Dr. Pamela Payne-Foster, a professor at the University of Alabama School of Medicine and one of the scientists profiled by Engaging Scientists, began her career studying HIV/AIDS in New York, Atlanta and other big cities where advocacy about the epidemic was prominent. When she moved to the rural South in 2004, however, she encountered a widespread stigma stemming from a lack of public knowledge about the virus.

“We did one study where we asked people living with AIDS where they felt most stigmatized, and the answer was the church,” Payne-Foster said. “That hit me in the gut.”

In 2011, Payne-Foster applied for a grant from the Centers for Disease Control and Prevention to develop a faith-based, anti-stigma intervention. Pre- and post-intervention tests show that the project has worked in decreasing negative attitudes toward those living with AIDS.

“It’s important for church leaders to be at the forefront of advocating for community members,” Payne-Foster said. “I would like the next phase of my research to move into this area, trying to help them develop those advocacy skills.”

Pamela Payne-Foster and Annette S. Lee

Pamela Payne-Foster and Annette S. Lee were among the scientists profiled by the AAAS Dialogue on Science, Ethics, and Religion. | Courtesy of Pamela Payne-Foster; J. Tibbetts

Annette S. Lee, another of the profiled scientists, is an astronomy professor at Minnesota’s St. Cloud State University. In 2007, she founded Native Skywatchers, a project aimed at revitalizing Indigenous astronomy through collaborative workshops, exhibitions, and art. Some of the project’s resources have been incorporated into in the curriculum of the state’s public schools.

Since 2012, Native Skywatchers has received funding from the National Aeronautics and Space Administration to design and deliver summer workshops for educators on star knowledge from the Dakota/Lakota and Ojibwe tribes to which Lee belongs. The program often builds off of students’ enthusiasm for the Greek constellations that have been passed down through Western science.

“Challenges have to do with loss of knowledge, loss of culture, to historical trauma, to the history of colonization, and trying to rebuild from what’s left,” Lee said. “Allowing the Indigenous voice to be the lead voice is an important part of this.”

Before beginning her own outreach efforts, University of Utah biologist Nalini Nadkarni read Christian, Jewish, Muslim, Hindu, and Buddhist texts, noting passages related to trees and forests.

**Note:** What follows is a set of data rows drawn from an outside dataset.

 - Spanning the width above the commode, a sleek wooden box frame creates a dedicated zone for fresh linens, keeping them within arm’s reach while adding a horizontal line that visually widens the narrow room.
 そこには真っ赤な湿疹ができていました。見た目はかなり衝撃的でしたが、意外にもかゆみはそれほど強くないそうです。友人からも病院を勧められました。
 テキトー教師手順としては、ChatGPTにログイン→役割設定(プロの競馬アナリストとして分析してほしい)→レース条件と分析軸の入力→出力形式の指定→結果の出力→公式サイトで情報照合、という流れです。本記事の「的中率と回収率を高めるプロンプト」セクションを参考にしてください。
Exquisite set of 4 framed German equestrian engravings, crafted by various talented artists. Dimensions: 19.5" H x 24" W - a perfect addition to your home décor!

“All of the world religions value trees and forests,” Nadkarni said. “Trees are used as temple adornments, for eating, analogies to God, as place markers. For example, I found that there were 328 references to trees and forests in the Old Testament alone, and many of those verses were metaphorical references to God.”

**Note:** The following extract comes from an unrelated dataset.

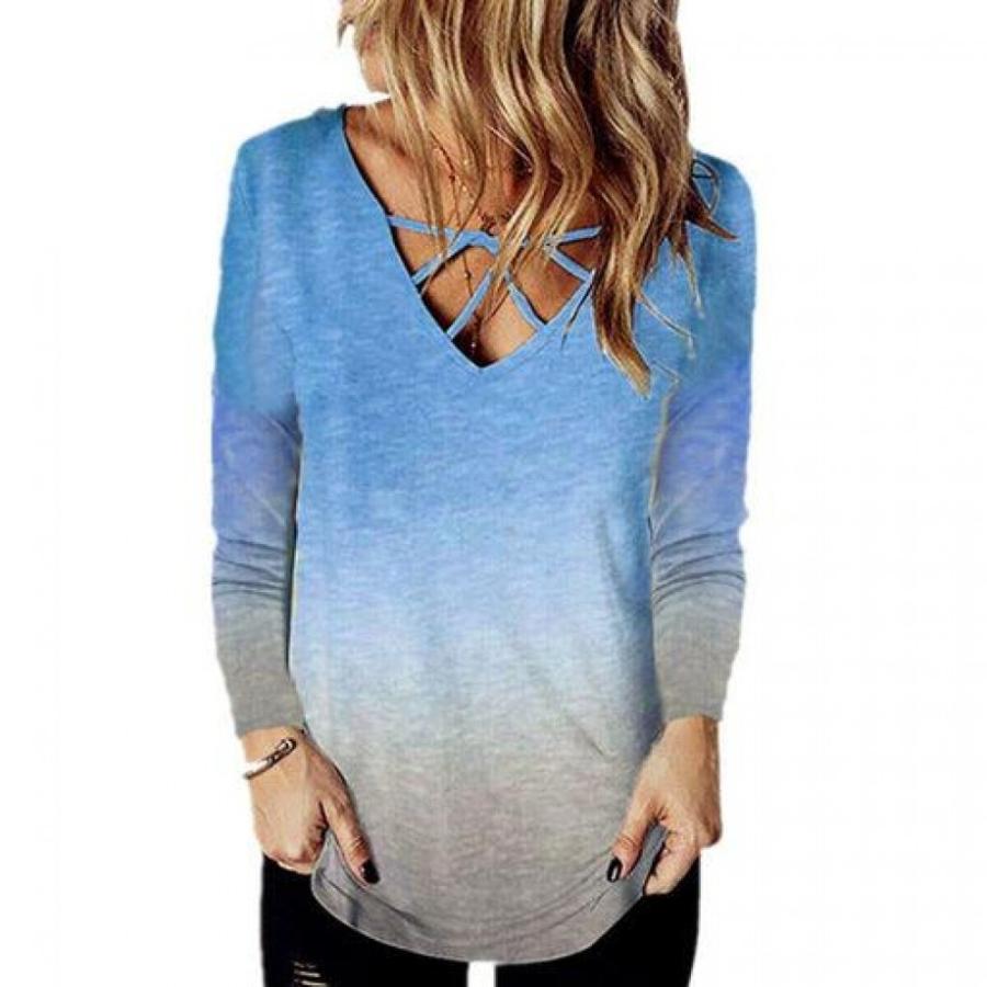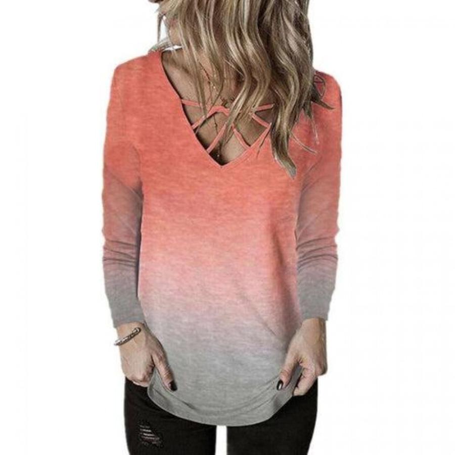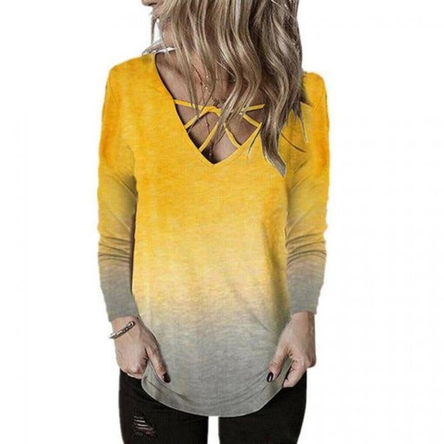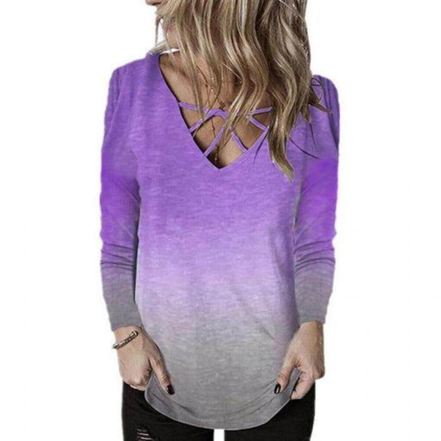 autumn women plus size long sleeve pullover t-shirt loose baggy ladies casual v neck tunic top jumper streetwear

Nadkarni has now given more than 40 sermons to faith communities. She almost always receives a warm welcome, and some parishioners have even pointed out tree-focused hymns that she omitted in her talk.

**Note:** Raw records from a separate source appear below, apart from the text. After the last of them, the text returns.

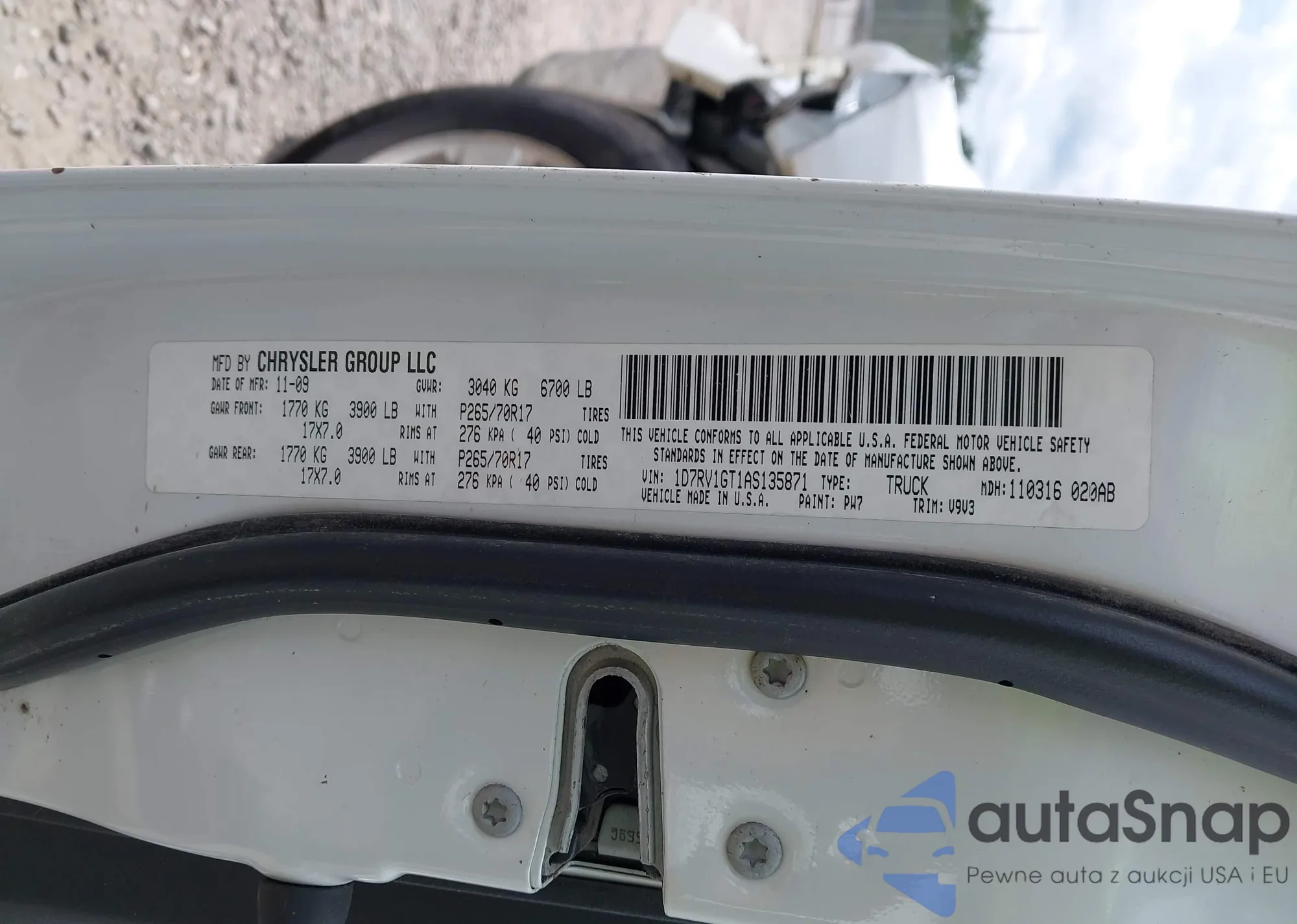 • VIN 1HGCP2F37AA179835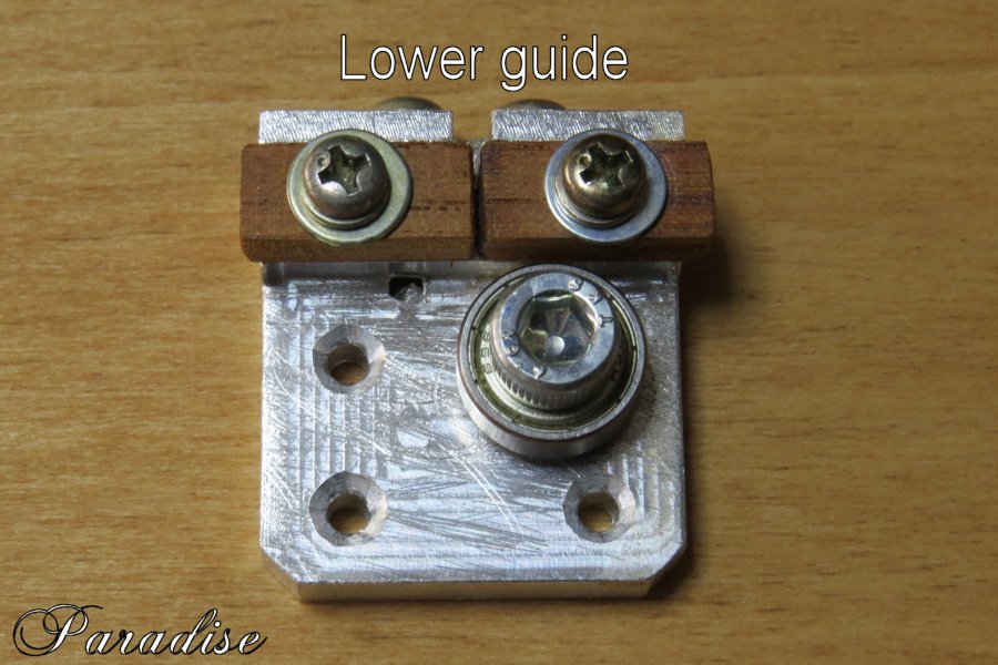 | 上部ホイールが取り付くフレームは木なので、ここに幅30㎜高さ80㎜深さ3㎜のポケット加工を行い、厚さ5㎜のアルミ補強板を 嵌め込みます。これは、半締めの状態でブレードの張りを調整するのでフレームを傷めないための処置です。 |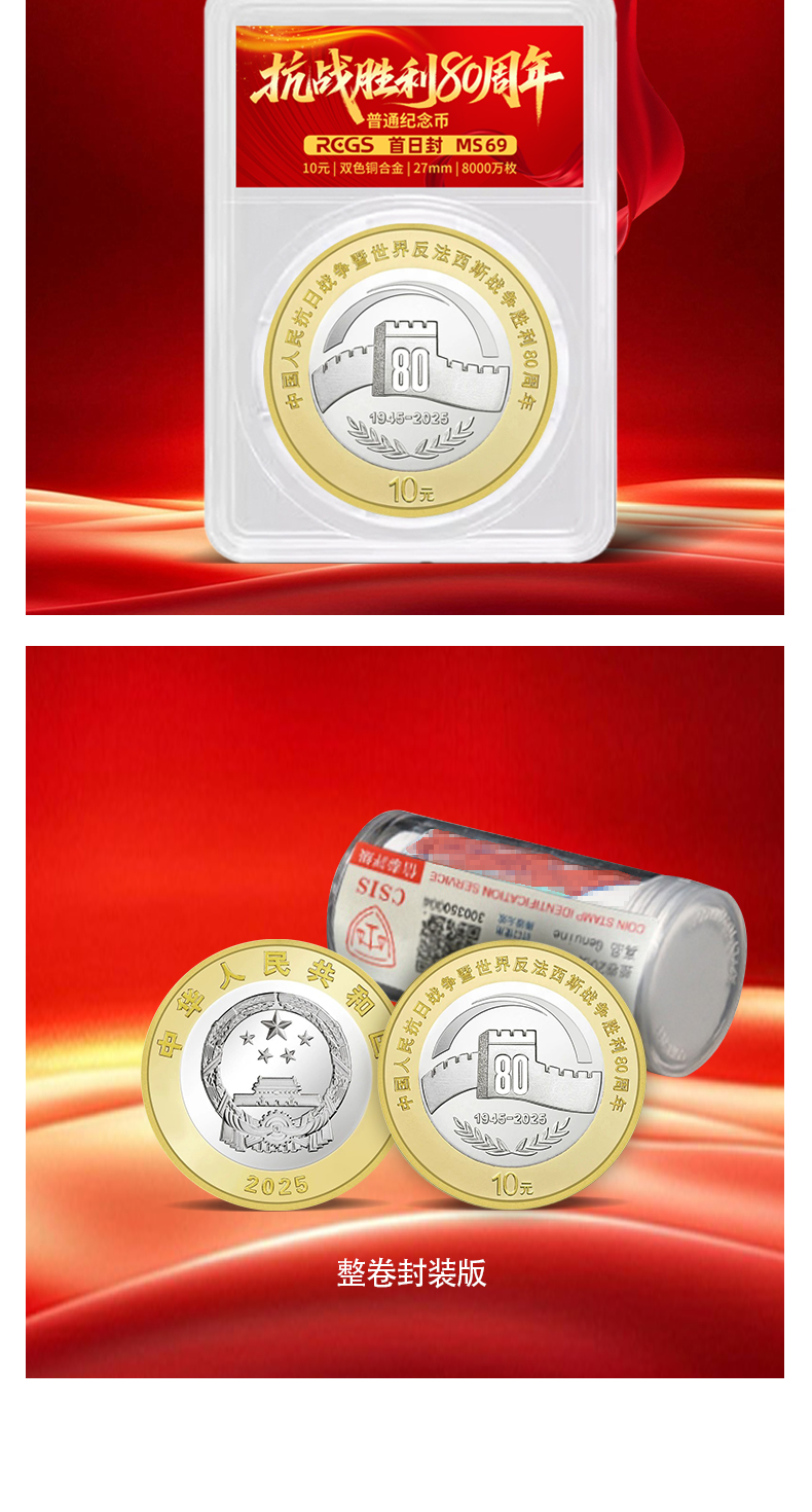 【央行发行】胜利80周年普通纪念币·双色铜合金纪念币·封装版·整筒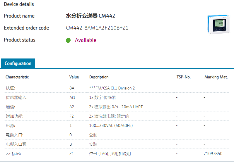 CM442-8AM1A2F210B 订货号 CM442--KP32/0 扩展订货号 (CM442-8AM1A2F210B) 名称 水分析变送器 CM442 基本描述 Transmitter liquid analysis

“I wasn’t trying to convince them of the importance of trees based on science,” Nadkarni said. “Rather, I was relying on their authorities, their scriptures, to tell them what they already know, what has already been written. And then, because of my scientific expertise, I was able to also offer them the opportunity to have further discussions about climate change, or deforestation, or the importance of forest canopies in terms of sequestering carbon.”

“I think that scientists who want to do public engagement have to think about being silent for a little while and listening, and being accepting of other ways of knowing,” she added. “By approaching other worlds outside of academia with the sense that we can find common ground, we will find common ground. And from that, we’ll be able to share our science, our way of knowing, our world view in ways where we can also learn from other people, and I think that’s what public engagement of science is all about.”